My son was three years old, and his laughter used to arrive before he did. You could hear him from a distance—barefoot, dusty, chasing shadows, calling other children by names only he understood.
He was strong, healthy, and restless in the way only a child untouched by fear can be.
Every evening, he slept exhausted, his small chest rising and falling in perfect rhythm. Life was ordinary, and we trusted that ordinariness.
Then came the coin.
It was a dull five-shilling piece, scratched and dirty, lying near the roadside where children played.
He picked it up innocently and ran home, holding it high like a trophy. I remember teasing him, telling him he was now rich.
I washed his hands and placed the coin on the table, never imagining it carried more than metal and dust. That night, my son cried in his sleep.
By morning, he had a fever that refused to break.
At first, we were calm. Children fall sick; that is life. We went to the clinic, got medicine, and returned home. But the fever grew worse. His appetite vanished.
He stopped responding to jokes. His eyes, once full of curiosity, became heavy and distant, as though he was slowly withdrawing from the world we shared.

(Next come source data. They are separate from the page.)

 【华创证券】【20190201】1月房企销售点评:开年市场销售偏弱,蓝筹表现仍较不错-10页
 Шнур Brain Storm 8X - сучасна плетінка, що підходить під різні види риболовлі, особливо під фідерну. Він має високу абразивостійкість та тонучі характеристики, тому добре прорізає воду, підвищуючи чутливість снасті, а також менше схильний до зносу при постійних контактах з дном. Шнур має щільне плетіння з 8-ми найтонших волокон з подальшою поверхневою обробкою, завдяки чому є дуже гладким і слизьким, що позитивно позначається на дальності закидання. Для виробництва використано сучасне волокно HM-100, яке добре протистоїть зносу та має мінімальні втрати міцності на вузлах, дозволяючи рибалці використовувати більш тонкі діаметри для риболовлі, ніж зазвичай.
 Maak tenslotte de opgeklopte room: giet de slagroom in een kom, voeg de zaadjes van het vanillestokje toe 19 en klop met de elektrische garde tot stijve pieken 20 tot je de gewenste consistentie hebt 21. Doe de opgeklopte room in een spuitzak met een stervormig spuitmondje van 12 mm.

Within days, he could no longer walk properly. His legs trembled. His body weakened as if something was draining him from within.
We rushed him to the hospital.
Doctors examined him thoroughly. Blood tests were done again and again. Scans followed. We waited anxiously for answers that never came.

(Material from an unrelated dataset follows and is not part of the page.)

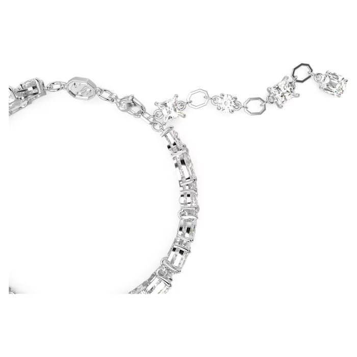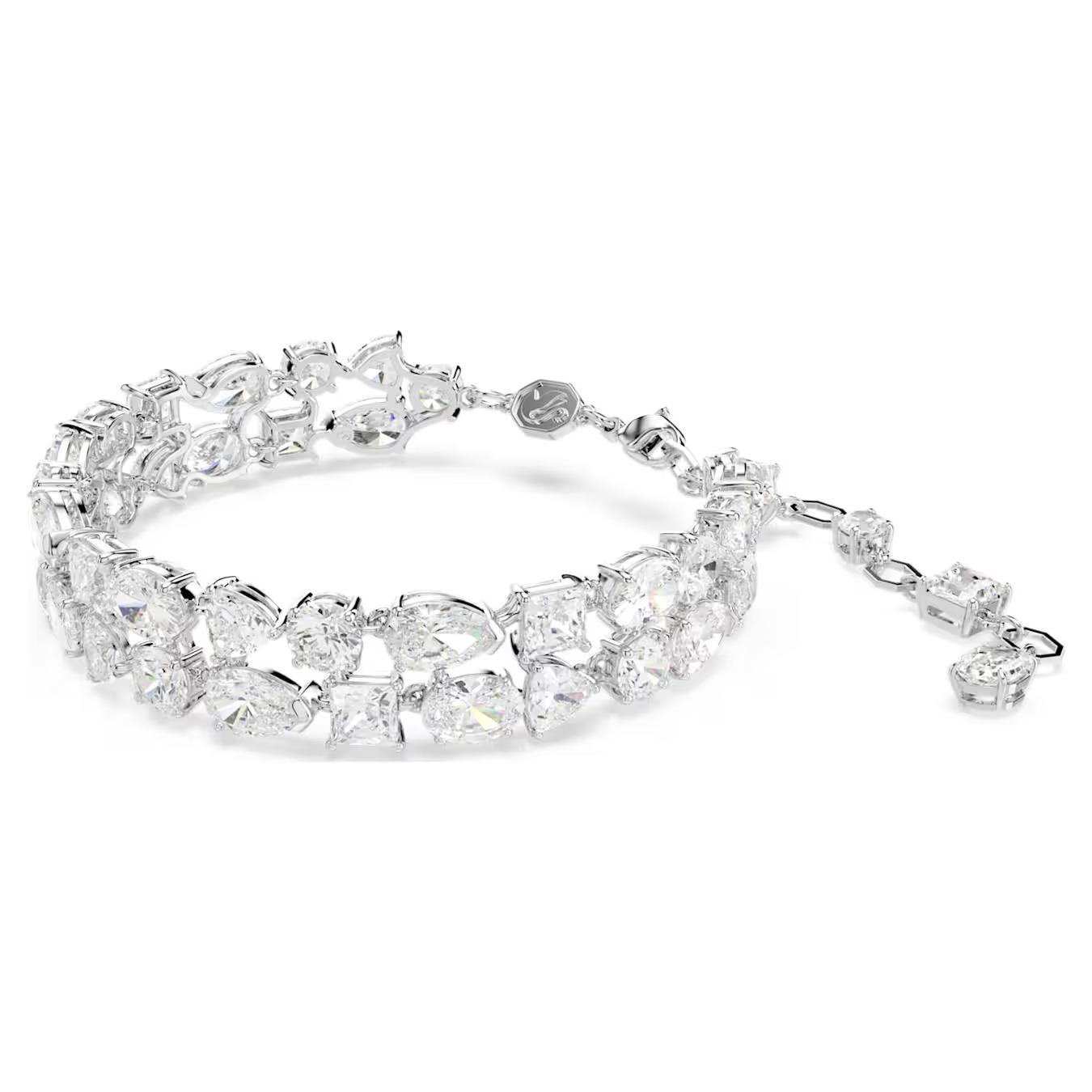 Učinite svoj stil nezaboravnim uz ovu raskošnu narukvicu sa dvostrukim nizom. Kombinacija rodijumske prevlake i dramatičnog miksa različitih rezova Swarovski Zirconia kamenja stvara efekat čistog luksuza. Sa širinom od 1.2 cm, ovaj model dominira zglobom, dok kristalni produžetak dodaje prefinjenost svakom pokretu.

Each time, the verdict was the same: all results were normal. No infection. No virus. No explanation. Yet our child continued to fade before our eyes.
One night in the ward, I watched him stare blankly at the ceiling, his lips moving silently, as if speaking to someone invisible.
Fear settled deep in my chest. This was no ordinary illness. Something was terribly wrong.
Days turned into weeks. Hospital corridors became familiar. Nurses changed shifts, seasons shifted, but my son did not improve.
He cried uncontrollably at night and screamed at the sound of voices we could not hear. Sometimes, he laughed suddenly, at nothing. Other times, he shook violently, clutching his stomach in pain.
The doctors finally admitted what we already feared. “Medically,” one said softly, “we have reached our limits.”
That was when my wife remembered the coin.
She said it quietly, her voice trembling. “He fell sick the same day he picked it up.”
Her words unlocked something we had been avoiding.
An elderly uncle came to visit after hearing of our desperation. He listened without interrupting, then asked one question: “Have you angered your ancestors?”
He explained that some objects are not abandoned by accident. Some are placed, forgotten, waiting.
According to him, the coin had been part of an old ancestral offering that was never completed. When my child picked it up, the spirit attached itself to the nearest bloodline—him.
With no other options left, we sought a traditional healer.
The healer lived far from town, deep in a quiet place where time seemed slower. He took one look at my son and closed his eyes. He said the spirit was not evil, but furious—ignored for generations, awakened by innocent hands.
That night, a ritual was performed under the open sky. The healer spoke names of ancestors we barely remembered. Drums beat slowly, then faster, echoing through the darkness. Herbs burned.
The smell was sharp and overwhelming. My son screamed louder than I had ever heard him scream. His small body arched violently, his voice hoarse with terror.
I nearly stopped the ritual out of fear.
Then suddenly, he vomited violently, collapsing into stillness.
The healer lifted the five-shilling coin, now blackened, and threw it into the fire. Flames flared high, crackling as if something unseen was fighting to escape. The healer whispered final words and declared the spirit released.
Silence followed.
That night, my son slept peacefully. No fever. No crying. Just deep, calm sleep.
By morning, he asked for food.
Tears streamed down our faces as we watched life slowly return to him. Each hour brought improvement. Within days, he was standing.
TO CALL: CLICKHERE
TO TEXT: CLICKHERE
TO WHATSAPP: CLICKHERE
Within a week, he was laughing again. The darkness that had followed him vanished as suddenly as it came.
Doctors could not explain it. We stopped seeking explanations.
Today, my son runs freely once more. But I will never forget how close we came to losing him. That five-shilling coin taught us a painful truth: not all dangers are visible, and not all healing comes from medicine.
Some forces sleep quietly, waiting. And sometimes, they wake through the most innocent touch.